──────── PROVIDED MATERIAL
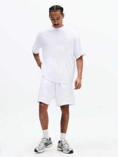 Biały komplet składający się z koszulki z okrągłym dekoltem i spodenek
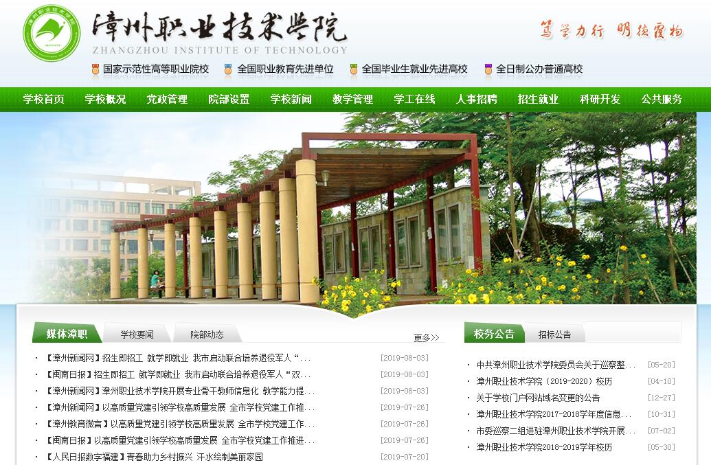 漳州職業(yè)技術(shù)學(xué)院前身為創(chuàng)辦于1984年的漳州職業(yè)大學(xué),2002年4月,經(jīng)福建省人民政府批準(zhǔn),更名為漳州職業(yè)技術(shù)學(xué)院。學(xué)校是漳州市人民政府舉辦的一所全日制公辦普通高職院校,現(xiàn)有專兼職教師900多人,其中高級(jí)職稱教師230多人,“雙師”素質(zhì)教師640多人;全日制在校生近1.3萬(wàn)人。設(shè)置有10個(gè)二級(jí)學(xué)院和公共教學(xué)部、思想政治理論課教研部、成人教育部等教學(xué)單位;開(kāi)設(shè)了應(yīng)用電子技術(shù)、計(jì)算機(jī)網(wǎng)絡(luò)技術(shù)、食品加工技術(shù)、物流管理、數(shù)控技術(shù)、建筑工程技術(shù)等50個(gè)以工科為主,文、經(jīng)、管應(yīng)用科類協(xié)調(diào)發(fā)展,緊密對(duì)接區(qū)域經(jīng)濟(jì)發(fā)展的高職專業(yè)。學(xué)校現(xiàn)有國(guó)家示范性重點(diǎn)專業(yè)6個(gè),國(guó)家提升專業(yè)服務(wù)能力建設(shè)專業(yè)2個(gè),省級(jí)精品專業(yè)7個(gè),省級(jí)示范專業(yè)12個(gè),省級(jí)高校創(chuàng)新創(chuàng)業(yè)教育改革試點(diǎn)專業(yè)3個(gè),福建省高職院校專業(yè)建設(shè)質(zhì)量評(píng)價(jià)位列全省第一的專業(yè)18個(gè);高等職業(yè)學(xué)校骨干教師國(guó)家級(jí)培訓(xùn)基地1個(gè);全國(guó)高校職業(yè)發(fā)展與就業(yè)指導(dǎo)示范課程1門,省級(jí)精品課程29門,省級(jí)高校創(chuàng)新創(chuàng)業(yè)教育改革精品資源共享課程4門,“十二五”職業(yè)教育國(guó)家規(guī)劃教材8本,特色工作頁(yè)19本;省級(jí)高職教學(xué)改革綜合試驗(yàn)項(xiàng)目2個(gè),省級(jí)教育改革試點(diǎn)項(xiàng)目6個(gè),省級(jí)高校教學(xué)改革研究項(xiàng)目5個(gè);國(guó)家級(jí)現(xiàn)代學(xué)徒制試點(diǎn)1個(gè),省級(jí)現(xiàn)代學(xué)徒制項(xiàng)目7個(gè),省級(jí)“二元制”改革專業(yè)2個(gè);省級(jí)教學(xué)團(tuán)隊(duì)7個(gè),省級(jí)教學(xué)名師10名,省級(jí)專業(yè)帶頭人16名;國(guó)家級(jí)教學(xué)成果獎(jiǎng)二等獎(jiǎng)1項(xiàng),省級(jí)教學(xué)成果獎(jiǎng)特等獎(jiǎng)2項(xiàng)、一等獎(jiǎng)3項(xiàng)、二等獎(jiǎng)6項(xiàng)。2004年以來(lái)學(xué)校學(xué)生獲全國(guó)數(shù)控技能大賽等國(guó)家級(jí)職業(yè)技能競(jìng)賽三等獎(jiǎng)及以上達(dá)220多項(xiàng),獲省級(jí)職業(yè)技能競(jìng)賽三等獎(jiǎng)及以上達(dá)500多項(xiàng)。近年來(lái),學(xué)校先后承辦了2個(gè)“國(guó)賽”項(xiàng)目、50多個(gè)“省賽”項(xiàng)目,獲得“國(guó)賽”一等獎(jiǎng)8個(gè),二等獎(jiǎng)27個(gè),三等獎(jiǎng)43個(gè);“省賽”一等獎(jiǎng)114個(gè),二等獎(jiǎng)80個(gè),三等獎(jiǎng)47個(gè)。中央財(cái)政支持的實(shí)訓(xùn)基地7個(gè),省級(jí)財(cái)政支持的實(shí)訓(xùn)基地6個(gè),構(gòu)建了基于工作過(guò)程系統(tǒng)化的課程體系,建有電子、食品加工、數(shù)控、物流、計(jì)算機(jī)網(wǎng)絡(luò)技術(shù)、汽車等生產(chǎn)性實(shí)訓(xùn)基地及校外實(shí)習(xí)基地410多個(gè),配置紙質(zhì)圖書93.4萬(wàn)冊(cè),教學(xué)儀器設(shè)備總值1.4億元。擁有福建省規(guī)模最大、鑒定工種最全、鑒定人數(shù)最多,并具有高級(jí)技師鑒定資格的國(guó)家職業(yè)技能鑒定站,鑒定項(xiàng)目和鑒定工種涵蓋了學(xué)校所有專業(yè)領(lǐng)域。學(xué)校不斷拓寬辦學(xué)渠道,與加拿大、德國(guó)、新加坡等國(guó)家及臺(tái)灣地區(qū)有關(guān)技職院校和行業(yè)協(xié)會(huì),在聯(lián)合辦學(xué)、師資培訓(xùn)、先進(jìn)教育理念、管理理念、課程及職業(yè)資格標(biāo)準(zhǔn)引進(jìn)等方面開(kāi)展了實(shí)質(zhì)性合作,并率先在全省建立戴姆勒奔馳鑄星教育項(xiàng)目,進(jìn)一步提升辦學(xué)能力。在漳州市政府的重視牽頭下,學(xué)校以內(nèi)涵建設(shè)為主線,積極探索校企深度合作,與華為技術(shù)有限公司、福建龍溪軸承(集團(tuán))股份有限公司、福建萬(wàn)利達(dá)集團(tuán)、福建紫山集團(tuán)股份有限公司等200多家知名企業(yè)合作,成立了由政府、企業(yè)與學(xué)校三方參與的“漳州市校企合作委員會(huì)”,大力推行訂單培養(yǎng)和工學(xué)結(jié)合,先后在19個(gè)專業(yè)實(shí)施訂單培養(yǎng),在每個(gè)專業(yè)實(shí)行“工學(xué)交替”人才培養(yǎng)。迄今已為社會(huì)輸送了5萬(wàn)多名適應(yīng)生產(chǎn)、建設(shè)、管理、服務(wù)第一線需要的“下得去,留得住,用得上、干得好”的技術(shù)技能人才,為區(qū)域經(jīng)濟(jì)建設(shè)做出了積極的貢獻(xiàn),人才培養(yǎng)質(zhì)量受到用人單位和社會(huì)的普遍歡迎。學(xué)校辦學(xué)成效受到上級(jí)領(lǐng)導(dǎo)部門和社會(huì)各界的充分肯定和贊揚(yáng)。2002年獲福建省職業(yè)教育先進(jìn)單位;2003年被確定為全國(guó)承擔(dān)數(shù)控技術(shù)應(yīng)用專業(yè)技能型緊缺人才培養(yǎng)培訓(xùn)工作的90所高職院校之一;2004年成功通過(guò)高職高專人才培養(yǎng)工作水平優(yōu)秀評(píng)估,2015年通過(guò)高等職業(yè)院校人才培養(yǎng)工作第二輪評(píng)估;2005年獲全國(guó)職業(yè)教育先進(jìn)
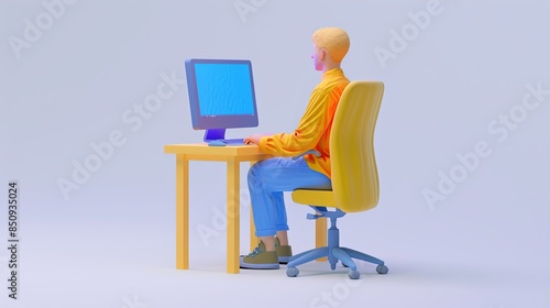 A man is working sitting at a desk in front of a computer monitor. Programmer, trader, designer or other specialist at work. He is focused on his work. Illustration for varied design.
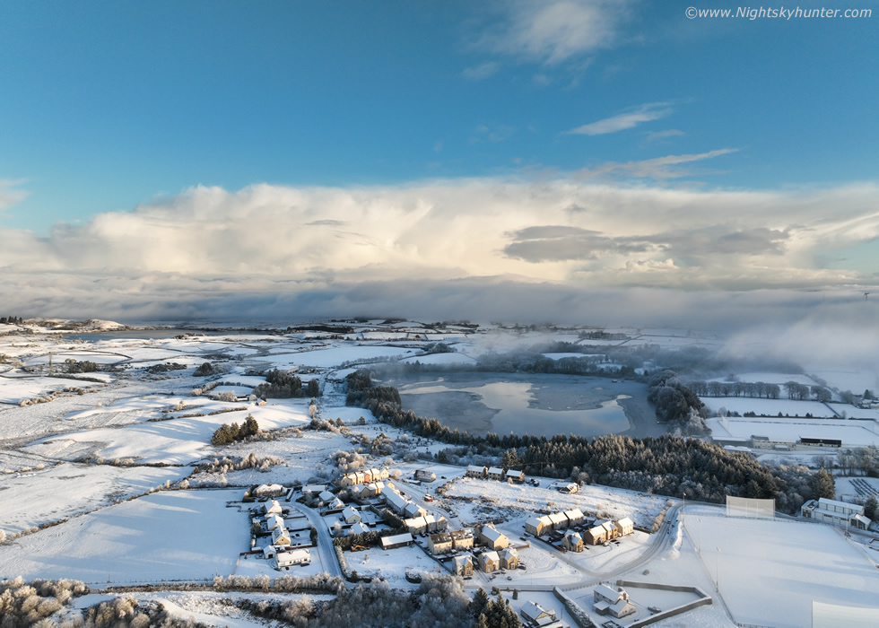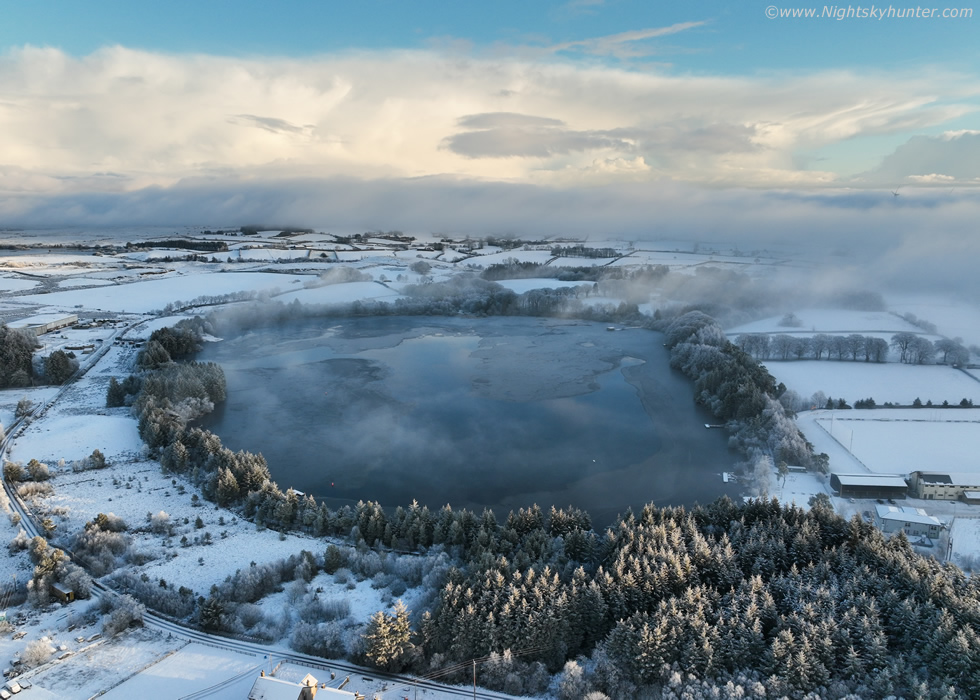 The country road to the lough was stunning, snow in the fields and hoar frost on the everything, some of the best scenes where at road sides where we couldn't stop or in people's gardens so we continued to the lake and walked out through the crunchy snow for an explore. It was one of those amazing Winter mornings when you were thankful for being alive, you know what I mean?, deep snow on the ground, bushes covered in frost, but what shocked us most was that a good portion of the lake was frozen over. The sun popped up behind a bank of freezing fog and we got our drones in the air. Lough Macrory at first light with scattered wisps of freezing fog and a big snow shower in the distance to the N.
────────────────
◆ **WHAT TO PRODUCE**
Leave the pictures out, and copy exactly each line from the one containing "A man is working" through the final line of the data.

◆ **EXERCISE OUTPUT**
 A man is working sitting at a desk in front of a computer monitor. Programmer, trader, designer or other specialist at work. He is focused on his work. Illustration for varied design.
 The country road to the lough was stunning, snow in the fields and hoar frost on the everything, some of the best scenes where at road sides where we couldn't stop or in people's gardens so we continued to the lake and walked out through the crunchy snow for an explore. It was one of those amazing Winter mornings when you were thankful for being alive, you know what I mean?, deep snow on the ground, bushes covered in frost, but what shocked us most was that a good portion of the lake was frozen over. The sun popped up behind a bank of freezing fog and we got our drones in the air. Lough Macrory at first light with scattered wisps of freezing fog and a big snow shower in the distance to the N.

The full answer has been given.